## [Problem to work on]
What you return must match the data below exactly, minus any pictures.
━━━━━ Given material
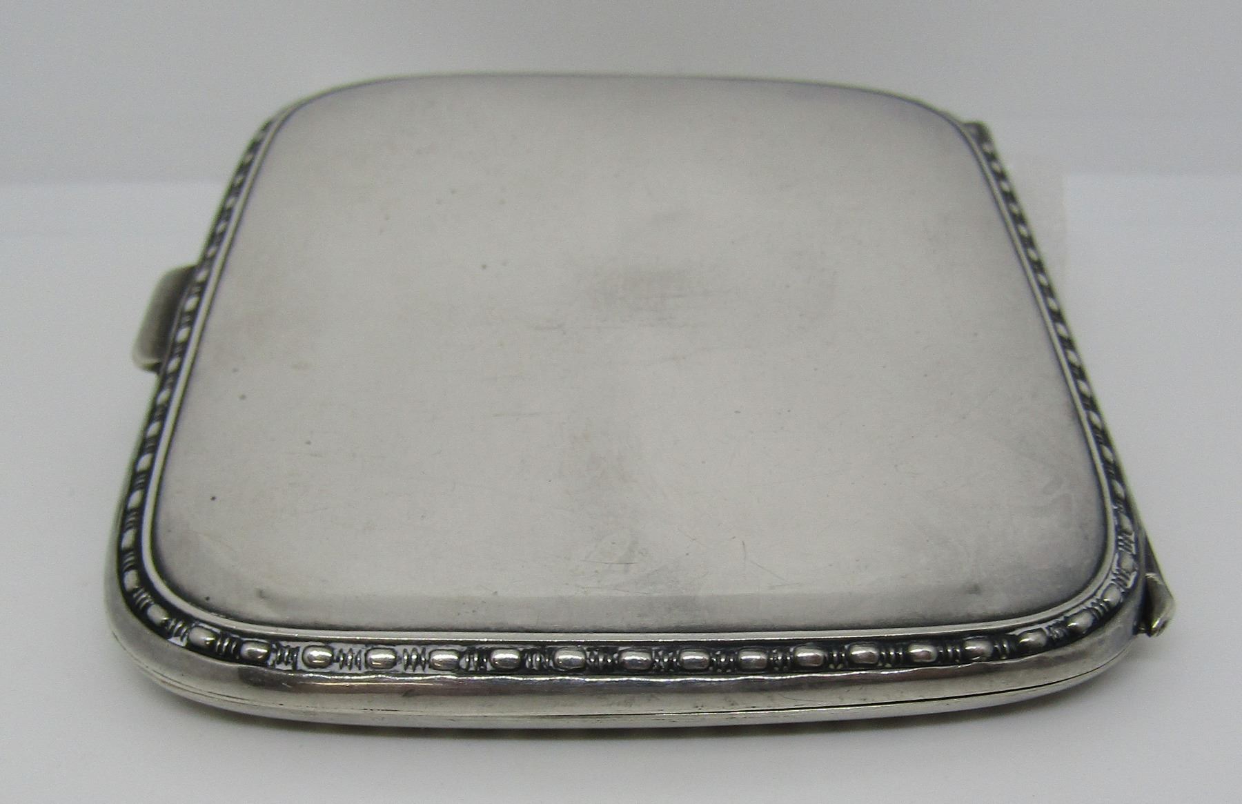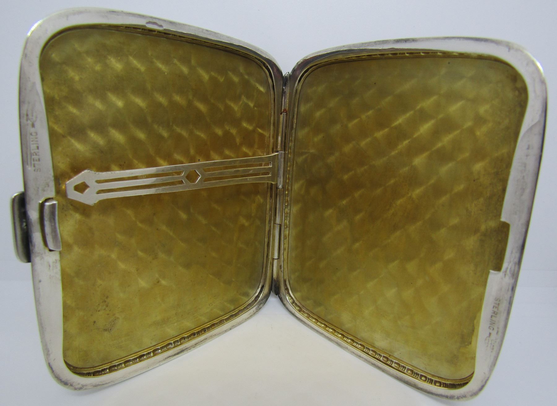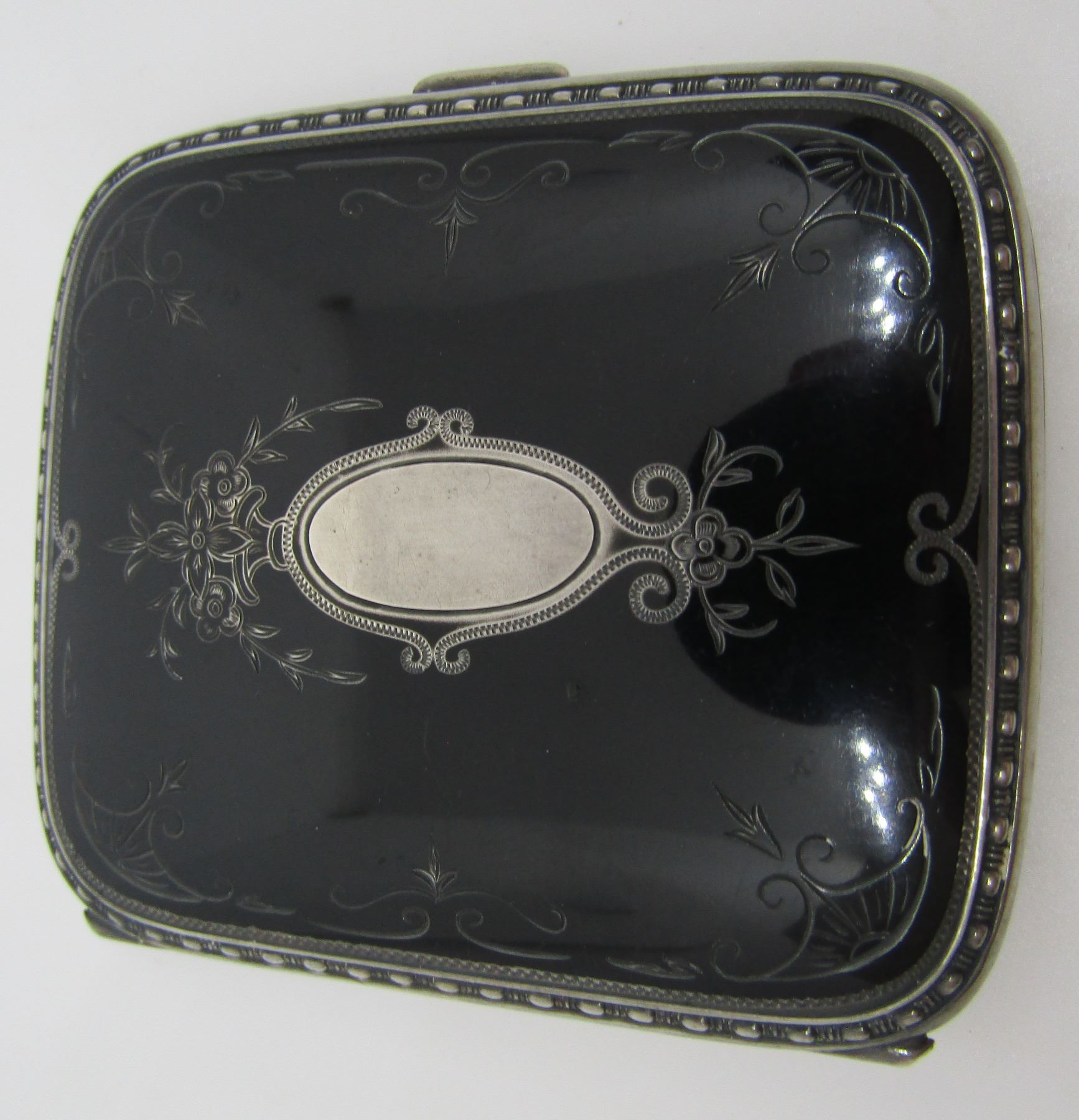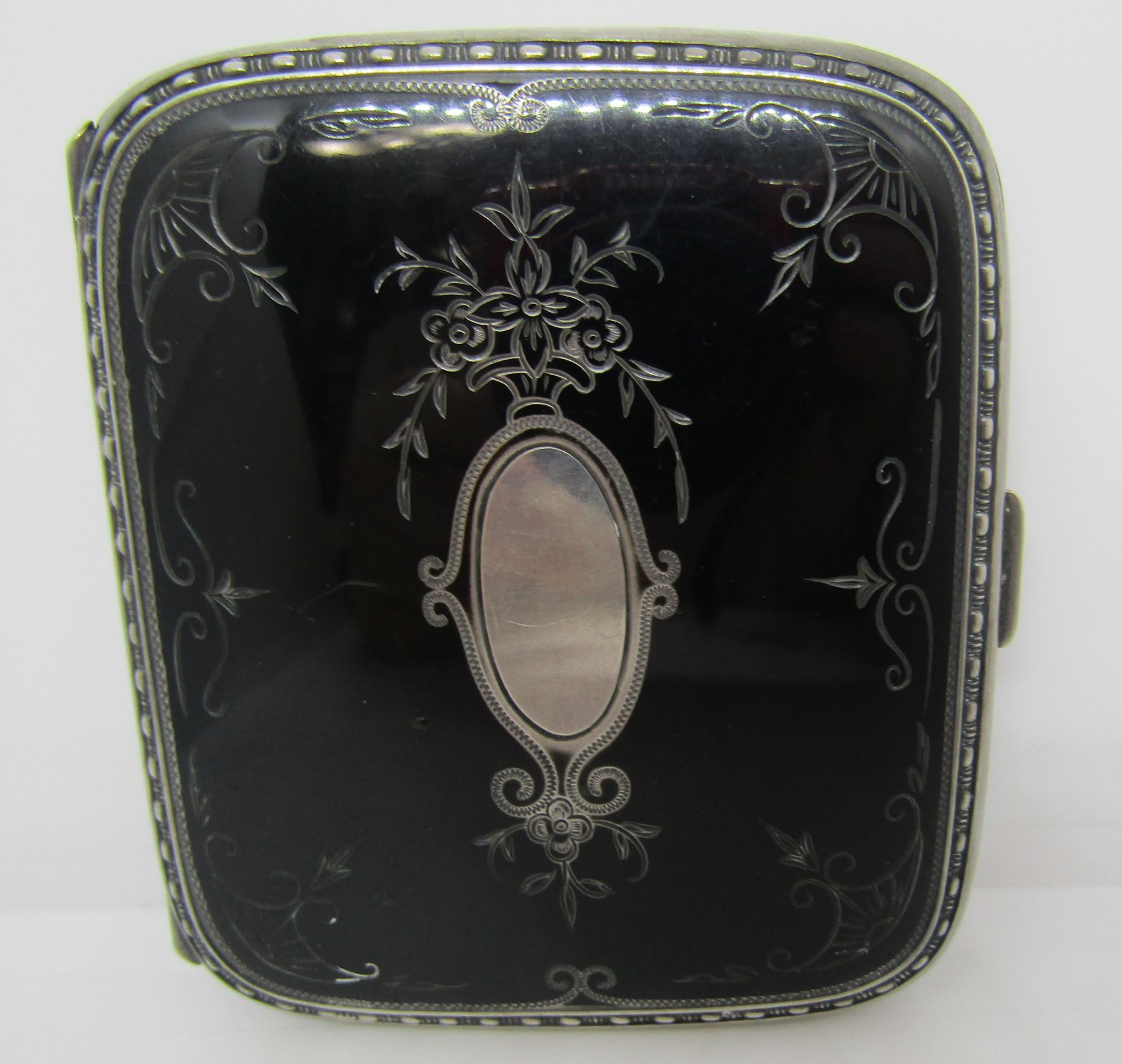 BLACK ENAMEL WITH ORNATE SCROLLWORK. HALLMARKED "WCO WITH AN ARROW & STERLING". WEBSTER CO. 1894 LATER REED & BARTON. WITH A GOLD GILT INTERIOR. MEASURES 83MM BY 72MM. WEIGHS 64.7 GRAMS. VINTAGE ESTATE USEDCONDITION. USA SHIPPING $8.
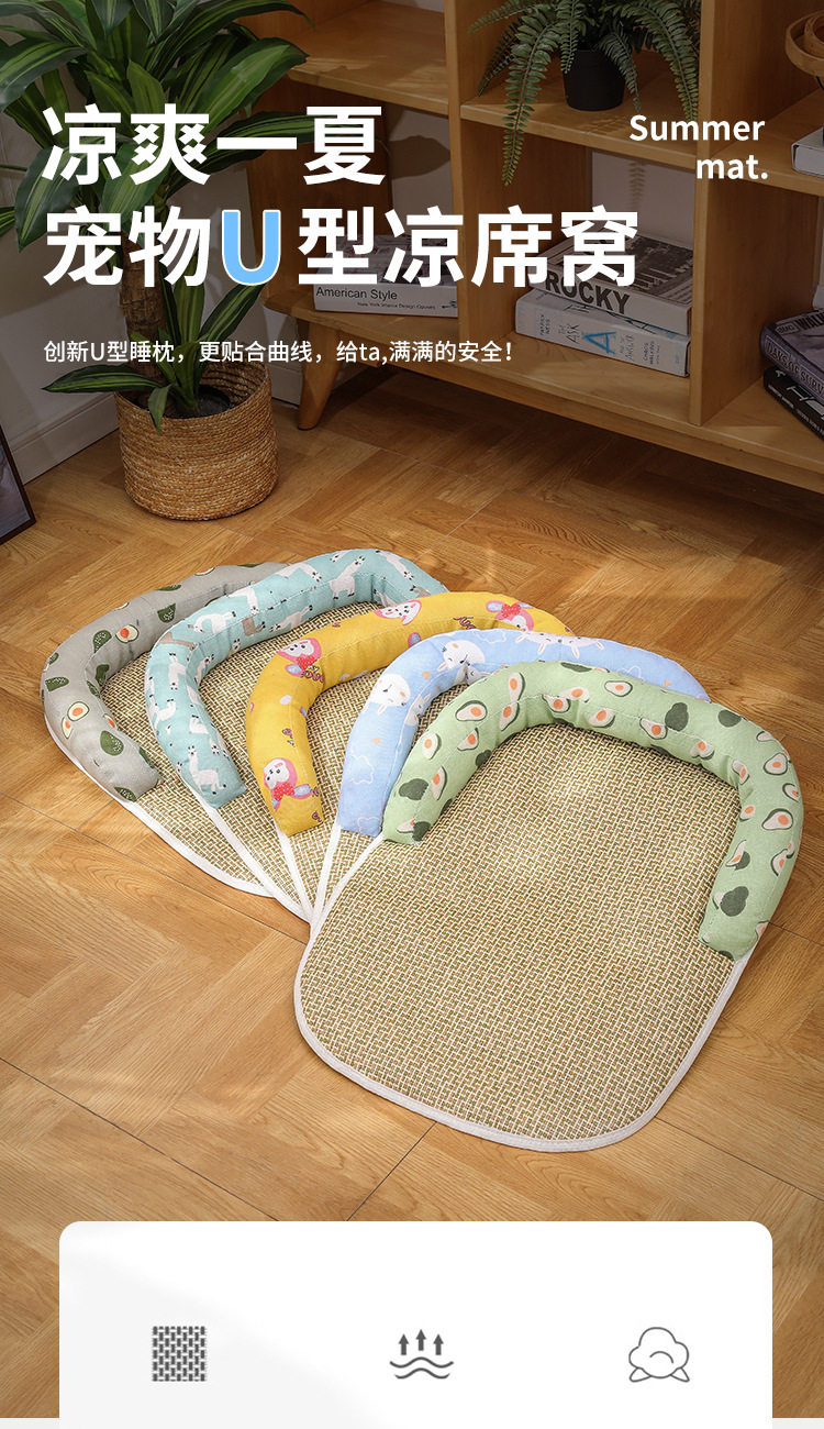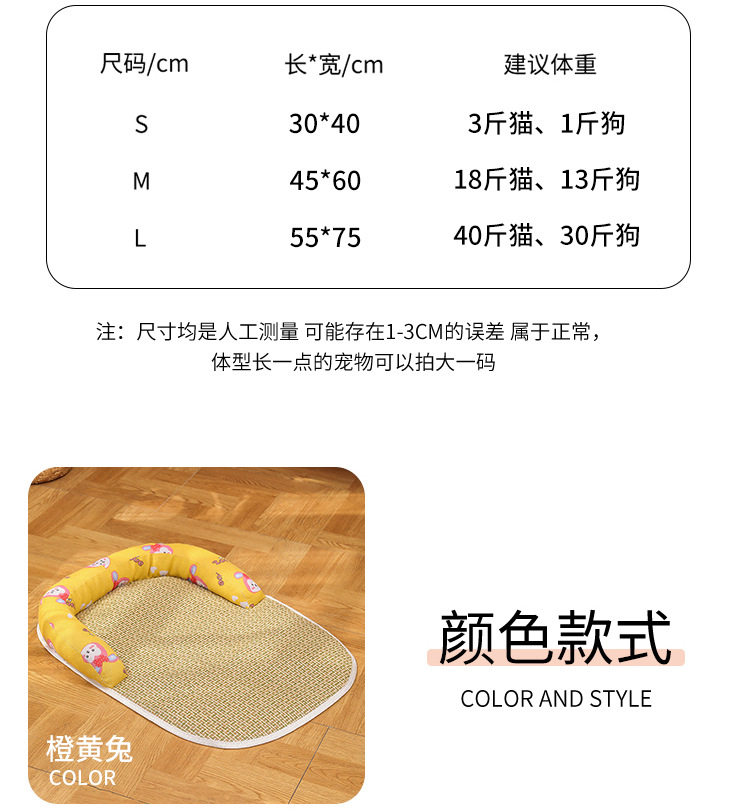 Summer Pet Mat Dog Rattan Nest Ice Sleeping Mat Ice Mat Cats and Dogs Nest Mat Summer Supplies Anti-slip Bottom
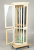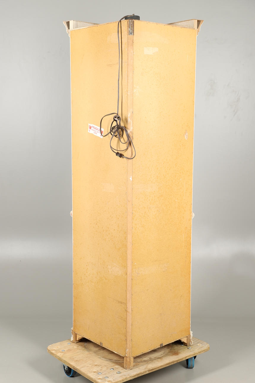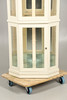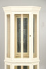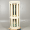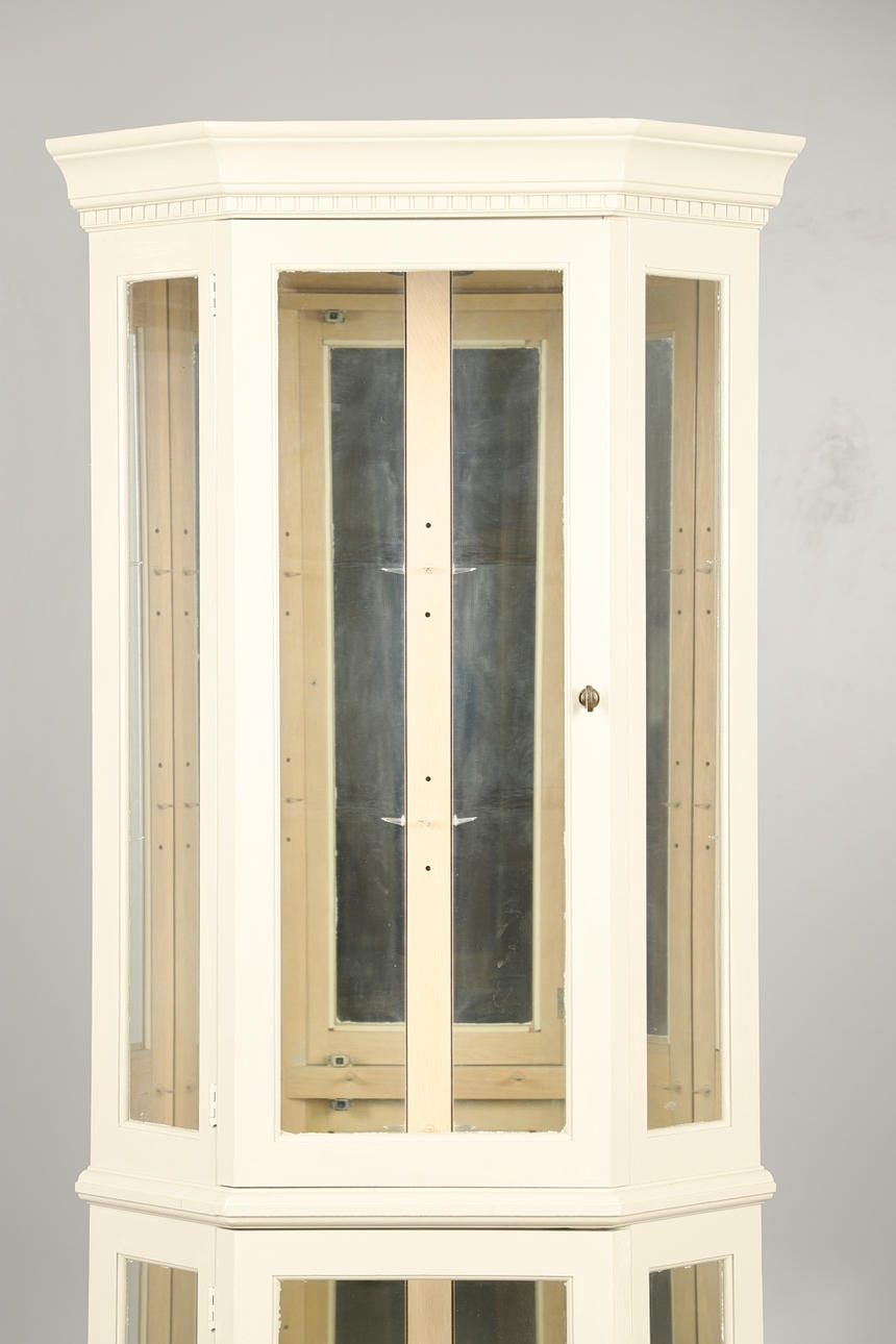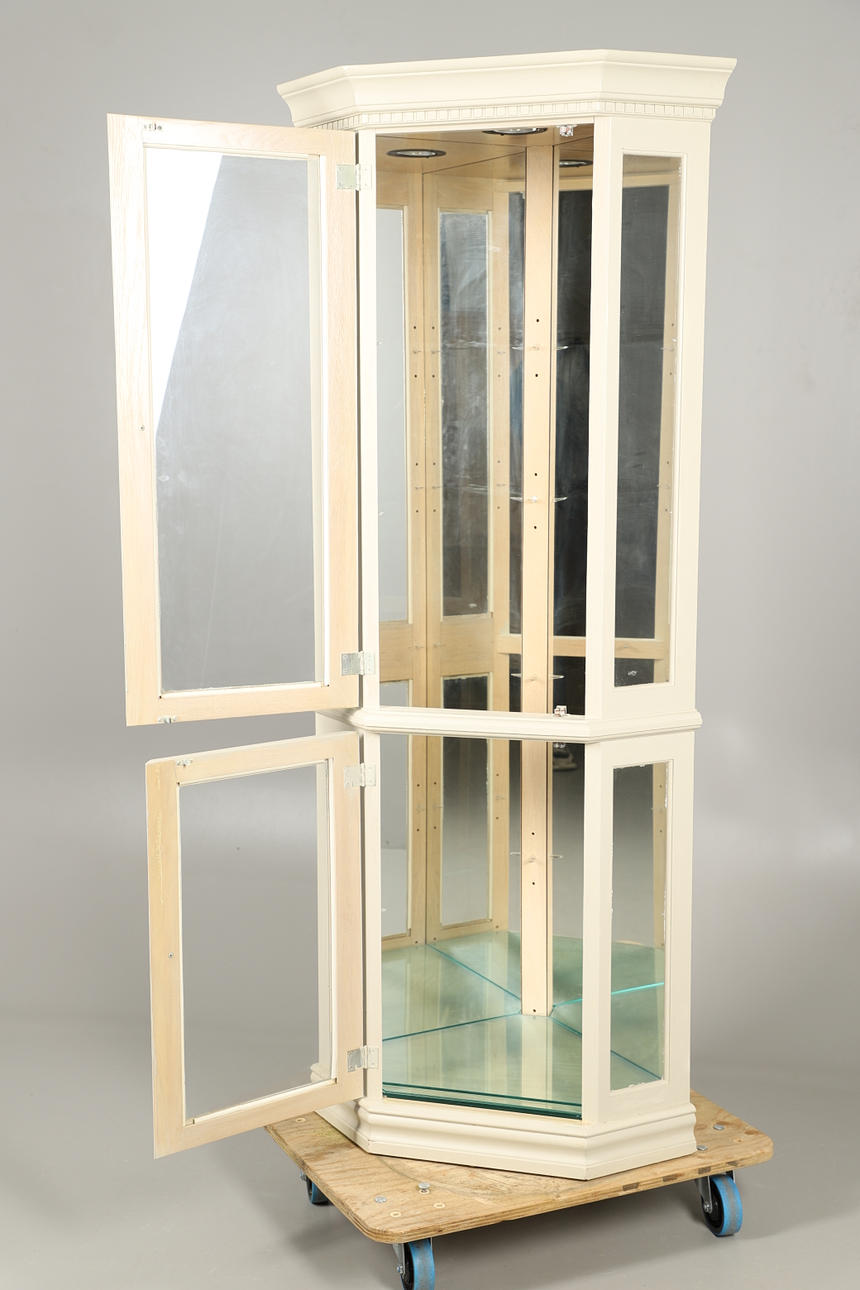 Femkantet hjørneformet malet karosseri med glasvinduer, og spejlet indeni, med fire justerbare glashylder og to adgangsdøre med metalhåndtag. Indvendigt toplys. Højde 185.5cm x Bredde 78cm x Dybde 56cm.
━━━━━━━━━━
## [Answer space]
 BLACK ENAMEL WITH ORNATE SCROLLWORK. HALLMARKED "WCO WITH AN ARROW & STERLING". WEBSTER CO. 1894 LATER REED & BARTON. WITH A GOLD GILT INTERIOR. MEASURES 83MM BY 72MM. WEIGHS 64.7 GRAMS. VINTAGE ESTATE USEDCONDITION. USA SHIPPING $8.
 Summer Pet Mat Dog Rattan Nest Ice Sleeping Mat Ice Mat Cats and Dogs Nest Mat Summer Supplies Anti-slip Bottom
 Femkantet hjørneformet malet karosseri med glasvinduer, og spejlet indeni, med fire justerbare glashylder og to adgangsdøre med metalhåndtag. Indvendigt toplys. Højde 185.5cm x Bredde 78cm x Dybde 56cm.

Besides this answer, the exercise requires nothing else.